Tuesday, March 1, 2011
ABC - The Lexicon of Love
On June 25th, 1982, the British pop band ABC made their amazing debut with the album The Lexicon of Love. It is one of the "1001 Albums You Must Hear Before You Die", and, in my opinion, well worth looking into it if you've never heard it before.
Martin Fry has soulful vocals in the grand tradition of some of the 60's greats, perfectly suited for singing about the quest to find true love and the frustrations of not achieving it. David Palmer provides the precise percussion, Stephen Singleton serves superb sax, and Mark White rounds things out with guitars and keyboards. There are also many guest musicians who further add to this album's lush orchestration and sound.
The release went to number 1 in the UK, New Zealand and Finland. It reached number 3 in Canada and Sweden, and in the US it went to number 24 on the Billboard Hot 200. It produced four Top 20 hits in the UK and two top 25 hits in the US.
Side one begins with "Show Me" and its orchestrated opening and pleas for affection.
One of my favorite tracks from the album comes next - "Poison Arrow" - with another great opening. I fondly remember the video for this one from the early days of MTV. This second single really got the group attention world-wide. It went to number 36 in Canada, number 25 on the US Billboard Hot 200 and number 39 on the US Dance charts, number 18 in Belgium and the Netherlands, number 14 in Ireland, number 5 in New Zealand, number 4 in Australia, and number 6 in the UK.
"Many Happy Returns" has some interesting rhymes like axis/facist. Such poetry in lyrics. The whole album is like that.
I really like the high notes on the word 'tears' in "Tears Are Not Enough", and how Martin pronounces 'searching'. The beat on this one gets your foot tapping too. As the first single from the album, it went to number 19 in the UK.
The side closes out with "Valentine's Day", full of lament of the broken-hearted - but in an upbeat way. I like the juxtaposition between lyrics and tempo here. The song was released as a single only in Japan.

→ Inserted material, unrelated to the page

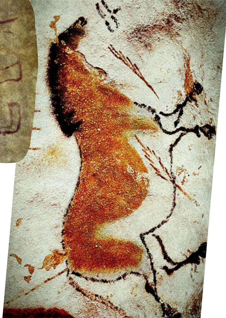
1,2: Altamira; 3: Pindal; 4: Lascaux.

En el neolítico los grupos humanos continúan dibujando los animales , pero también grupos de humanos haciendo actividades y símbolos abstractos. Lo hacen con ocre y con otros pigmentos que van descubriendo. También decoran la cerámica , que empiezan a fabricar.

Side two kicks off with "The Look of Love (part 1)" is probably their most known song from this album thanks to the video (very humorous in parts). As the third single, it went to number 36 in Denmark, number 19 in Belgium, number 12 in Ireland, number 11 in the Netherlands, number 8 in Sweden, number 4 in Finland and the UK, and number 1 in Canada. In the US, it went to number 18 on the Billboard Hot 100 and number 1 on the Dance charts. The beat of this one makes it a perfect candidate for any 80's dance mix-tape. And the fact that Martin Fry says the name 'Martin' in it - well, how can I not like that?

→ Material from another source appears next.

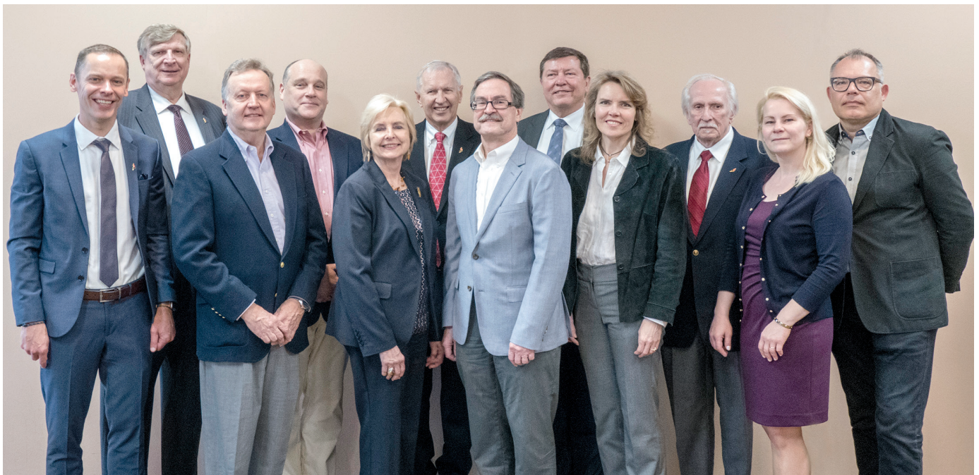
2018 m. Lietuvių Fondo taryba. LF Board of Directors, 2018.

"Date Stamp" comes next. It is one of the songs from the album that didn't make as lasting of impression in my consciousness as the other songs. Still, it is a pleasant song, offering an added female vocalist to the mix.
"All of My Heart" is a very sweet love long. As the fourth single, it went to number 14 in Belgium, number 13 in Canada, number 3 in Ireland and number 5 in the UK. I like how the keyboards "duet" with the vocals very nicely on this one.
"4 Ever 2 Gether" is next. This one is my least favorite track on the album as it isn't as catchy as the other tunes. Every album has to have a few lesser tracks, right? Law of averages.
"The Look of Love (part 4)", a short reprise of the earlier tune, ends the side (bringing it full circle).
This was another record I purchased on vinyl during the first half of my Senior year of high school; it still is one of my favorites from that year. The band was featured prominently on the local college radio station at the time and quickly crossed over to the top 40 stations when their two hits were climbing up the charts. The singles were often heard at school dances too. I personally think it is an example of a perfect pop album, a seamless blend of music melodies and heart-felt vocals. It made me an instant fan of the band.